* [Directions for this task]: Please print out the entries below unchanged and skip the images.

- - - -

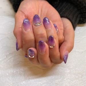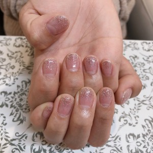 先日のお客様です。 ラメグラデーションはジェルネイル初めての方などにも 人気です。 まずは、ラメグラデーションか・・・
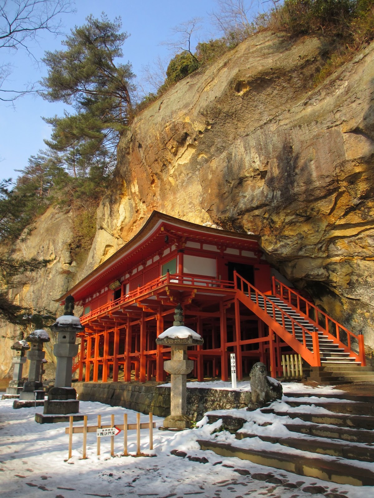 | A Buddha's face is carved into the cliff: it's the northernmost in Japan |
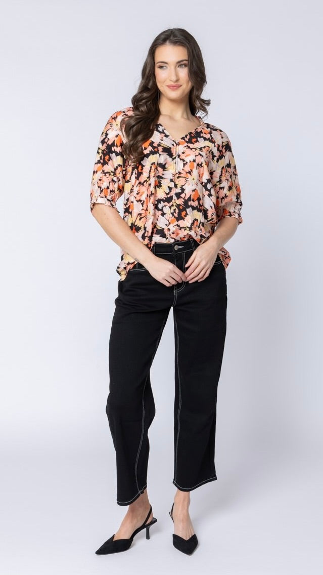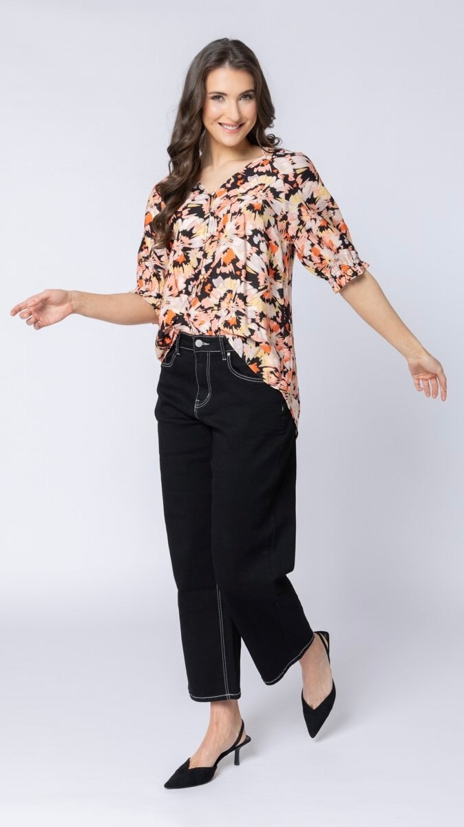 Features Short Sleeves with shirred cuffs, button down front and v neckline.
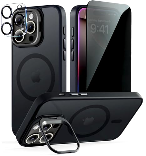 TXXO Magnetic Privacy case for iPhone 16 Pro Max Case with Stand & Camera Lens Protector for iphone 16 ProMax Phone Case Fits MagSafe Translucent Matte Slim Military Shockproof Bumper 6.9" - Black
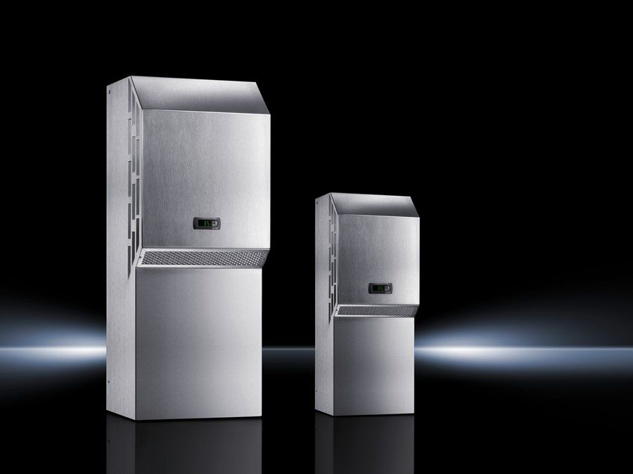- Energieeffiziente Blue e Wandanbau-Kühlgeräte mit standardmäßig integriertem e-Comfortcontroller und elektrischer Kondensatverdunstung. Schutzart NEMA 4X.
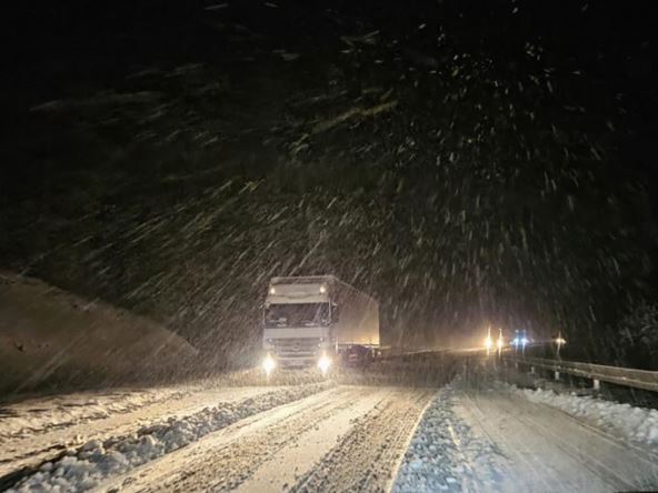 Tokom večernjih sati kiša na Zlatiboru prešla je u jaku snežnu mećavu, a na kolovozu je već formiran snežni pokrivač u visini od nekoliko centimetara.
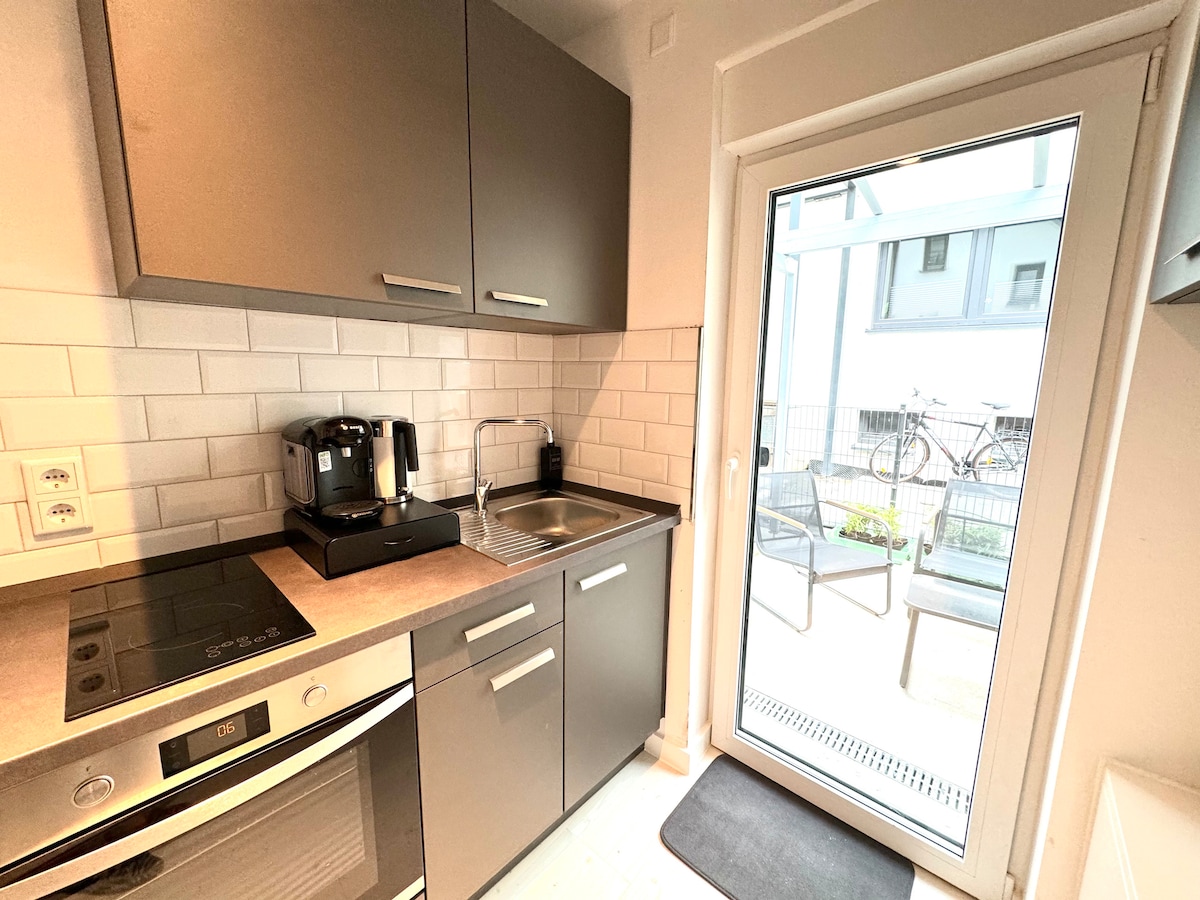 U okrugu Gartenstadt nalazi se naš novouređeni visokokvalitetan namješten stan površine 75m². Kupatilo sa otvorenom tuš kabinom i ostavom za odlaganje, dnevnim boravkom sa trpezarijom i kuhinjom koja je postavljena za merenje. U udobnoj spavaćoj sobi, krevet na razvlačenje i sofa vas pozivaju da se opustite. Obezbeđeni su i WC šolja za goste i garderoba. Stan je potpuno opremljen električnim roletnama. Smart TV (55 inča )sa kablovskom vezom i Netflix-om.
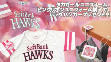 HAWKS STORE ドーム店でタカガールユニフォームまたはピンクリボンレプリカユニフォームを1枚購入につき「タカガールオリジナルバッグハンガー(非売品)」1個プレゼントいたします。先着順・数量限定につき、景品がなくなり次第キャンペーンは終了となります。

- - - -

* [Answer to the exercise]:
 先日のお客様です。 ラメグラデーションはジェルネイル初めての方などにも 人気です。 まずは、ラメグラデーションか・・・
 | A Buddha's face is carved into the cliff: it's the northernmost in Japan |
 Features Short Sleeves with shirred cuffs, button down front and v neckline.
 TXXO Magnetic Privacy case for iPhone 16 Pro Max Case with Stand & Camera Lens Protector for iphone 16 ProMax Phone Case Fits MagSafe Translucent Matte Slim Military Shockproof Bumper 6.9" - Black
- Energieeffiziente Blue e Wandanbau-Kühlgeräte mit standardmäßig integriertem e-Comfortcontroller und elektrischer Kondensatverdunstung. Schutzart NEMA 4X.
 Tokom večernjih sati kiša na Zlatiboru prešla je u jaku snežnu mećavu, a na kolovozu je već formiran snežni pokrivač u visini od nekoliko centimetara.
 U okrugu Gartenstadt nalazi se naš novouređeni visokokvalitetan namješten stan površine 75m². Kupatilo sa otvorenom tuš kabinom i ostavom za odlaganje, dnevnim boravkom sa trpezarijom i kuhinjom koja je postavljena za merenje. U udobnoj spavaćoj sobi, krevet na razvlačenje i sofa vas pozivaju da se opustite. Obezbeđeni su i WC šolja za goste i garderoba. Stan je potpuno opremljen električnim roletnama. Smart TV (55 inča )sa kablovskom vezom i Netflix-om.
 HAWKS STORE ドーム店でタカガールユニフォームまたはピンクリボンレプリカユニフォームを1枚購入につき「タカガールオリジナルバッグハンガー(非売品)」1個プレゼントいたします。先着順・数量限定につき、景品がなくなり次第キャンペーンは終了となります。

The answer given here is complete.